> [About this exercise]: Please print the entries below exactly, from the line with "Доган, студия красоты" through the line with "여러 서비스에서 크고", including both of those lines and leaving out all others.

> [Data excerpts]:
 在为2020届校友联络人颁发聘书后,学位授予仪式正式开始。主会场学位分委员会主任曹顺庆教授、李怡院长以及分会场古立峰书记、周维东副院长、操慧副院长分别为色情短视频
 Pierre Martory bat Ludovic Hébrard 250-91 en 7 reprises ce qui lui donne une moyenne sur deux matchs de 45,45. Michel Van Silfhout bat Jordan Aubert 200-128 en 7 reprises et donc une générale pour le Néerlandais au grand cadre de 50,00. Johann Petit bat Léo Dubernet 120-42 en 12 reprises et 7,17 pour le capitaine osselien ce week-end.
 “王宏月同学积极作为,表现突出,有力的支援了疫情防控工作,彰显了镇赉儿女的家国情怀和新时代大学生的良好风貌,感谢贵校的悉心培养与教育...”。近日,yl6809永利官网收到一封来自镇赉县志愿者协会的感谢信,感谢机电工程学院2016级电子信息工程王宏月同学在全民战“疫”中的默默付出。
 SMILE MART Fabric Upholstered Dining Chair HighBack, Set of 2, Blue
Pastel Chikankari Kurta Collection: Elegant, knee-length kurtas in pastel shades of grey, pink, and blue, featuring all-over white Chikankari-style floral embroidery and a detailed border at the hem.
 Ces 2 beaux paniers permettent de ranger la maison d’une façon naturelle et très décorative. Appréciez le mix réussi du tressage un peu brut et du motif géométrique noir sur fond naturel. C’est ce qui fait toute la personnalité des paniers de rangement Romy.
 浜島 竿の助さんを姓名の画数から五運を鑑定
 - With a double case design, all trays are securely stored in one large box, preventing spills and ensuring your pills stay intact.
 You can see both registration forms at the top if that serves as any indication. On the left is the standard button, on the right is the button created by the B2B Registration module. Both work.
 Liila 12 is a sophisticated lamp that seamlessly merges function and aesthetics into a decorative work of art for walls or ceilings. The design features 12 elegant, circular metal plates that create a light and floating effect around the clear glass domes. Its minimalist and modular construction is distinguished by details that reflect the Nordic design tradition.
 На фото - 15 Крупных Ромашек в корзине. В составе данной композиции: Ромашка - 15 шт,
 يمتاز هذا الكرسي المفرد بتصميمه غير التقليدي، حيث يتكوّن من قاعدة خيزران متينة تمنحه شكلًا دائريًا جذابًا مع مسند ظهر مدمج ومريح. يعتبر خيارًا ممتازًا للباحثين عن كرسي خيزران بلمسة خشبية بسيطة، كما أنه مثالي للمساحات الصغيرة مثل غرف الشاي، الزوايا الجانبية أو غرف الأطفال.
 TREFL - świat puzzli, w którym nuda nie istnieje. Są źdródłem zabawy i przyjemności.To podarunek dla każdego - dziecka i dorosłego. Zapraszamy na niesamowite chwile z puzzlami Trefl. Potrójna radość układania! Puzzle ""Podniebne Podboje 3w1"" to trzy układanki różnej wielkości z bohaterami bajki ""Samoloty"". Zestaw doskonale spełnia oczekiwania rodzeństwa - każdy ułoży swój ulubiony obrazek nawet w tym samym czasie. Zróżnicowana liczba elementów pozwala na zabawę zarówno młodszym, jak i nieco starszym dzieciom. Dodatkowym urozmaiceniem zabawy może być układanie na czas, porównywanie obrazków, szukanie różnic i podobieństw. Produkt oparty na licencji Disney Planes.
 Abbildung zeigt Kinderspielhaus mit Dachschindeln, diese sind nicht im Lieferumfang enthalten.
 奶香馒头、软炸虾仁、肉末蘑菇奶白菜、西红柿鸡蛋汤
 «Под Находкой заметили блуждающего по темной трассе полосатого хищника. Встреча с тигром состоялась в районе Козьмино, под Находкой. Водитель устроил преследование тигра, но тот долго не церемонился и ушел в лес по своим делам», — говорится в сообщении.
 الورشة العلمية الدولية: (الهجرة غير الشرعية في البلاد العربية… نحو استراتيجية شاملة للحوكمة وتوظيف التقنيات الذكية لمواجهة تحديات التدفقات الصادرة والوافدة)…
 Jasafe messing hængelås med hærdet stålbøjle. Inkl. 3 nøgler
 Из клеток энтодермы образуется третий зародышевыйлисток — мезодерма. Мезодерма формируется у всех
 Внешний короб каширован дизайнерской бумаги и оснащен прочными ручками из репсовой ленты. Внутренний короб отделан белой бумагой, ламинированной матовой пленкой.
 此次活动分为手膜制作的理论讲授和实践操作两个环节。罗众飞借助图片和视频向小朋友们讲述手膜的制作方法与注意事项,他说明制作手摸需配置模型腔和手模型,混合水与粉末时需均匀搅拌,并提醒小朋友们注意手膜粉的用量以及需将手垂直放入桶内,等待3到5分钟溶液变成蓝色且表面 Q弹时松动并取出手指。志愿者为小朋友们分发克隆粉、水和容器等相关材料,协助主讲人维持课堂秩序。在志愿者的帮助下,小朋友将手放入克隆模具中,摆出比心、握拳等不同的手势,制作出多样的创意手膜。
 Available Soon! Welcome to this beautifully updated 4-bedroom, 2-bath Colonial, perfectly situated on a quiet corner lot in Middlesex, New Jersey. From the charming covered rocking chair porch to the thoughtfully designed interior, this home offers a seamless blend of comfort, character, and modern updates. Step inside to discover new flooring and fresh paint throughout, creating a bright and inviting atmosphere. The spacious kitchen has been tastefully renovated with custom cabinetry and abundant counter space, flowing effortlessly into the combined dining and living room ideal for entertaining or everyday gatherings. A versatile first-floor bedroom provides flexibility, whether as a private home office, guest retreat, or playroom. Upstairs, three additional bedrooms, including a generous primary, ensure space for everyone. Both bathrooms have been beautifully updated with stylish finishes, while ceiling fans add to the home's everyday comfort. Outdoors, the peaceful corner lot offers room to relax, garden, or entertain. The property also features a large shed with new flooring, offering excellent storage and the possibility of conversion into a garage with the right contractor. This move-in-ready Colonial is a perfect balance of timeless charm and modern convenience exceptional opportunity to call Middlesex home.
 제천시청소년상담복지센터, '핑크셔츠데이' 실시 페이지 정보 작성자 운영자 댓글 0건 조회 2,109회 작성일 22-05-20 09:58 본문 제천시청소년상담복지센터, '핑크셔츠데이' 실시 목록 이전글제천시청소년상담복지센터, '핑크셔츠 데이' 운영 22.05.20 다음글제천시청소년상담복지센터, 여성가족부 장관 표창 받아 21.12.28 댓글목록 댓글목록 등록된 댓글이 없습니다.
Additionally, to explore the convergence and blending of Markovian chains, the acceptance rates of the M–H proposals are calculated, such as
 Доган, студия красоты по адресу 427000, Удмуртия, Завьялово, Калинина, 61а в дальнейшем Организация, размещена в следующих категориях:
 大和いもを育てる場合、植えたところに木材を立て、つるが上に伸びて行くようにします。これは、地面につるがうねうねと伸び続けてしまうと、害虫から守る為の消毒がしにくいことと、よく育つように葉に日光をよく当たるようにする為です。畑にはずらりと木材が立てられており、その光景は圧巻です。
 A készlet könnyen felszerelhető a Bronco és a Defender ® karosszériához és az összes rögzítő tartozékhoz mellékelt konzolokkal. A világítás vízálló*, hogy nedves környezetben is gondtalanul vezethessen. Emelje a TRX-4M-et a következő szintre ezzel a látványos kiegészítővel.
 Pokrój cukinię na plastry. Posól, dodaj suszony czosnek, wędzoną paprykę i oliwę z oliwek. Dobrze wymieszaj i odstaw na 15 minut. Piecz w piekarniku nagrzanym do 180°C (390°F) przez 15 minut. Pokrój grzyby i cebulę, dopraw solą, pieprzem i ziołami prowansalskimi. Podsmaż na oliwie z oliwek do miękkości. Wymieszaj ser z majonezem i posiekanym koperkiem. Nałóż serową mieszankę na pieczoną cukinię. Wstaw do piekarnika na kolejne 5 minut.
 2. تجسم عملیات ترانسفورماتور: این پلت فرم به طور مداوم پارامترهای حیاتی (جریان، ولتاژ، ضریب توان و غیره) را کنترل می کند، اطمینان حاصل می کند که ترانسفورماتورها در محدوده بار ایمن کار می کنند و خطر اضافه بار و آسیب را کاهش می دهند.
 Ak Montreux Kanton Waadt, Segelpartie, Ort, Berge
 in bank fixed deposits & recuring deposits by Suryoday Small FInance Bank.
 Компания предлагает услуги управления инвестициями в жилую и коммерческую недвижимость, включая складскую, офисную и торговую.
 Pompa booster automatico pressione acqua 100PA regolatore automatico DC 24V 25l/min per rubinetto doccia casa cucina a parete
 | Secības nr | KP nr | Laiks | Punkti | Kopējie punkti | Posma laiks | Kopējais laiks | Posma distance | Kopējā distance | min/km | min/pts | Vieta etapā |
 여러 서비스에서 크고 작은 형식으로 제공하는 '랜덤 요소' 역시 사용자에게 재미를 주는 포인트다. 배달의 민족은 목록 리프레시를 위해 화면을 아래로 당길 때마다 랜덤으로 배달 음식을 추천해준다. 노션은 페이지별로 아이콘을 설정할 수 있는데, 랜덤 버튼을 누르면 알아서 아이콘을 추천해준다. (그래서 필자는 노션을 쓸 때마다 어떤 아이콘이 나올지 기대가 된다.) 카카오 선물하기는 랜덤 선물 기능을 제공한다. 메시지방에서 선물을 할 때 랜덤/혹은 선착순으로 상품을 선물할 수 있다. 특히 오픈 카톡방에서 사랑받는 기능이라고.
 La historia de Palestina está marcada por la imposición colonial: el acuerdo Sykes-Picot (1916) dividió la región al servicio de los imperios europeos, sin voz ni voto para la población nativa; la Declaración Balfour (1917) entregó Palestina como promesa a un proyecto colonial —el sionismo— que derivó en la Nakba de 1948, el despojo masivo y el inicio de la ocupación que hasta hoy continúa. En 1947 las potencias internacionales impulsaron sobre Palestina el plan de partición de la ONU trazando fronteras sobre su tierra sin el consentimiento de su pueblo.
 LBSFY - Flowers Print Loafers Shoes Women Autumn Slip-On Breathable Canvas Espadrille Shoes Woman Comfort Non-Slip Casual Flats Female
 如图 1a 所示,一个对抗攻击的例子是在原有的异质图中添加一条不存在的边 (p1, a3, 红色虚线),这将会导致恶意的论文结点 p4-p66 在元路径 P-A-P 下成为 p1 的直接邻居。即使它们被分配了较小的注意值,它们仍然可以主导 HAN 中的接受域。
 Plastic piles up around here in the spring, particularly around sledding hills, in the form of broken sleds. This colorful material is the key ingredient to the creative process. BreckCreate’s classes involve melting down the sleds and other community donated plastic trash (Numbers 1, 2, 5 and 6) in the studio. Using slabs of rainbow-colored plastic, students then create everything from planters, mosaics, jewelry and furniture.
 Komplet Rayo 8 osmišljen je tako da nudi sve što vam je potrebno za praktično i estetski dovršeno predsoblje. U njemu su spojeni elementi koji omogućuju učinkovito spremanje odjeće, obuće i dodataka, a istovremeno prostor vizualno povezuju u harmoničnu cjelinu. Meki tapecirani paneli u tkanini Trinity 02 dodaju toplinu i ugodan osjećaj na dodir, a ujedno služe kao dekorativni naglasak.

> [Result of this task]:
 Доган, студия красоты по адресу 427000, Удмуртия, Завьялово, Калинина, 61а в дальнейшем Организация, размещена в следующих категориях:
 大和いもを育てる場合、植えたところに木材を立て、つるが上に伸びて行くようにします。これは、地面につるがうねうねと伸び続けてしまうと、害虫から守る為の消毒がしにくいことと、よく育つように葉に日光をよく当たるようにする為です。畑にはずらりと木材が立てられており、その光景は圧巻です。
 A készlet könnyen felszerelhető a Bronco és a Defender ® karosszériához és az összes rögzítő tartozékhoz mellékelt konzolokkal. A világítás vízálló*, hogy nedves környezetben is gondtalanul vezethessen. Emelje a TRX-4M-et a következő szintre ezzel a látványos kiegészítővel.
 Pokrój cukinię na plastry. Posól, dodaj suszony czosnek, wędzoną paprykę i oliwę z oliwek. Dobrze wymieszaj i odstaw na 15 minut. Piecz w piekarniku nagrzanym do 180°C (390°F) przez 15 minut. Pokrój grzyby i cebulę, dopraw solą, pieprzem i ziołami prowansalskimi. Podsmaż na oliwie z oliwek do miękkości. Wymieszaj ser z majonezem i posiekanym koperkiem. Nałóż serową mieszankę na pieczoną cukinię. Wstaw do piekarnika na kolejne 5 minut.
 2. تجسم عملیات ترانسفورماتور: این پلت فرم به طور مداوم پارامترهای حیاتی (جریان، ولتاژ، ضریب توان و غیره) را کنترل می کند، اطمینان حاصل می کند که ترانسفورماتورها در محدوده بار ایمن کار می کنند و خطر اضافه بار و آسیب را کاهش می دهند.
 Ak Montreux Kanton Waadt, Segelpartie, Ort, Berge
 in bank fixed deposits & recuring deposits by Suryoday Small FInance Bank.
 Компания предлагает услуги управления инвестициями в жилую и коммерческую недвижимость, включая складскую, офисную и торговую.
 Pompa booster automatico pressione acqua 100PA regolatore automatico DC 24V 25l/min per rubinetto doccia casa cucina a parete
 | Secības nr | KP nr | Laiks | Punkti | Kopējie punkti | Posma laiks | Kopējais laiks | Posma distance | Kopējā distance | min/km | min/pts | Vieta etapā |
 여러 서비스에서 크고 작은 형식으로 제공하는 '랜덤 요소' 역시 사용자에게 재미를 주는 포인트다. 배달의 민족은 목록 리프레시를 위해 화면을 아래로 당길 때마다 랜덤으로 배달 음식을 추천해준다. 노션은 페이지별로 아이콘을 설정할 수 있는데, 랜덤 버튼을 누르면 알아서 아이콘을 추천해준다. (그래서 필자는 노션을 쓸 때마다 어떤 아이콘이 나올지 기대가 된다.) 카카오 선물하기는 랜덤 선물 기능을 제공한다. 메시지방에서 선물을 할 때 랜덤/혹은 선착순으로 상품을 선물할 수 있다. 특히 오픈 카톡방에서 사랑받는 기능이라고.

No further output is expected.